Рахим Эсенов - Предрассветные призраки пустыни
Лазутчик сносно владел русским языком, но предпочитал говорить на туркменском, хотя отдельные слова подбирал с трудом, путая их с немецкими, английскими.
– Было время, – продолжал он, – тропу архаров я отыскивал, как родную юрту в своем ауле, с завязанными глазами… Тут маху дал… Что говорить, стар стал, а старость – что путы на ногах, не разбежишься, упадешь…
В тот же день с небольшого аэродрома в горах поднялся вертолет. На его борту – два чекиста в штатском и незадачливый нарушитель, изменившийся до неузнаваемости. Он был вял и апатичен, даже не прикоснулся к обеду, предложенному в погранотряде.
Чекисты догадывались, почему так сник пришелец. Его тревожило будущее и расплата за переход границы? Нет, его мозг сверлила лишь одна неотвязная мысль: что стоит чекистам дать ему с горошинку терьяка? Того самого, что отобрали у него при задержании. Он не сводил с чекистов слезящихся глаз, помутневших и тусклых, и что-то хныкал о своей загубленной молодости, о своих болезнях, о родных горах – давно покинутом им гнездовье отцов и дедов, о горькой доле самоизгнанника, забывающегося в опиуме. Лазутчик был наркоманом.
Близился вечер. Вдали показалась строгая лента канала, голубой разлив водохранилища, очерченного желтыми барханами. Внизу замелькали сигнальные огоньки ашхабадского аэродрома. Вертолет шел на посадку.
* * *Приметное светлое здание на одной из оживленных магистралей туркменской столицы. По длинному и сумрачному коридору мимо бесконечных дверей шли двое. Впереди – старик в изодранном туркменском халате и чарыках. Следом за ним – сержант госбезопасности с пистолетом на поясе.

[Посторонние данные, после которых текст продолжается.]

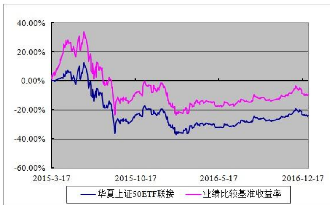
华夏上证 50 交易型开放式指数证券投资基金联接基金 份额累计净值增长率与业绩比较基准收益率历史走势对比图 (2015 年 3 月 17 日至 2016 年 12 月 31 日)
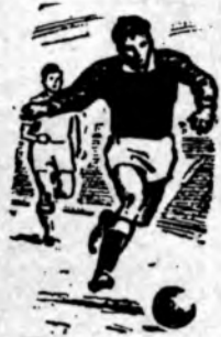
Футбол Чемпионат СССР 2-я лига «АТОММАШ» — «ТОРПЕДО» (Таганрог) 3:1

ПОЛГОДА , отделяющие нас от последней встречи со своей командой, в футболе срок немалый, особенно если это отнюдь не спокойное время межсезонья. Первый матч — своеобразный отчет тренеров о подготовительной работе. Что ж, сохранив главное — приверженность к атакующей игре, скоростному маневру, наша команда прибавила в организации игры. Атаки волгодонцев стали более разнообразны. В составе сейчас практически нет слабых мест, линии сбалансированы.
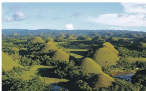
Schokoladenberge Bohols / Philippinen
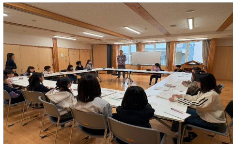
第1回おまつり隊代表者会議の様子
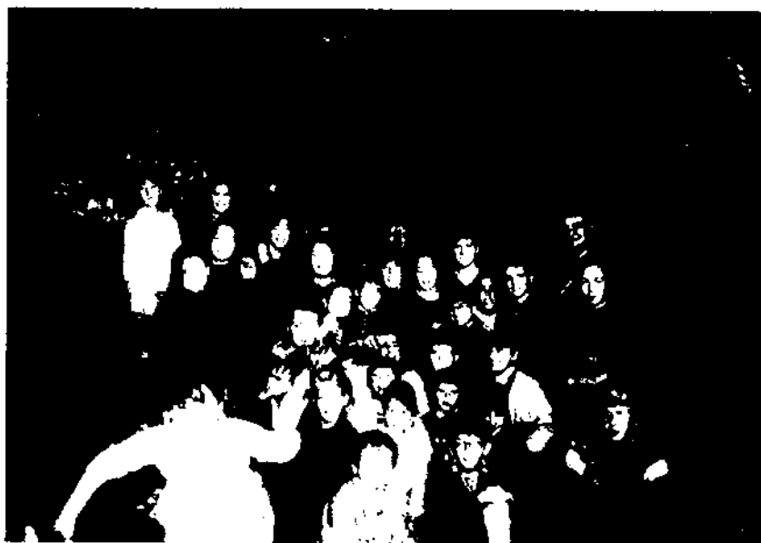
Grup d'alumnes de 6è d'EGB de l'Escola Pública Les Cometes de Llorenç del Penedès, curs 1991-92, a l'entrada de la cova de Vallmajor a Albinyana.

Ранее обритая голова конвоируемого вновь обросла. Человек этот был уже немолод, но, пожалуй, сейчас он изображал старца, смиренного и глубокого. Горбился, шаркал ногами, хотя от проникновенного взгляда не могло ускользнуть, что это еще крепкий, тренированный человек и не менее искусный притворец.
Около одной из дверей сержант скомандовал:
– Стой!
Открыл двери и старика пропустил вперед.
Войдя в кабинет, арестованный исподлобья быстрым взглядом охватил всю комнату: стол у окна, пустое кресло за ним и стул напротив. На столе ничего, кроме стопки чистых листов бумаги и авторучки.

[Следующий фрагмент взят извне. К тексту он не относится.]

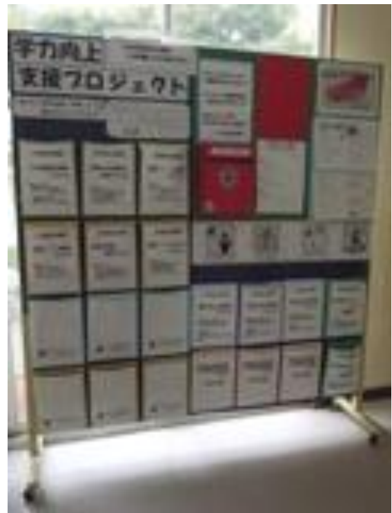
[ 図2 ばっちりシート 掲示 ]

Дойдя до середины кабинета, старик остановился, огляделся. Сержанта позади него уже не было. Некоторое время старик оставался в кабинете один. Незарешеченное окно с графином воды на подоконнике притягивало его. За окном было видно чистое небо и крыши домов с лесом телевизионных антенн. Тяжко вздохнув, старик отвернулся.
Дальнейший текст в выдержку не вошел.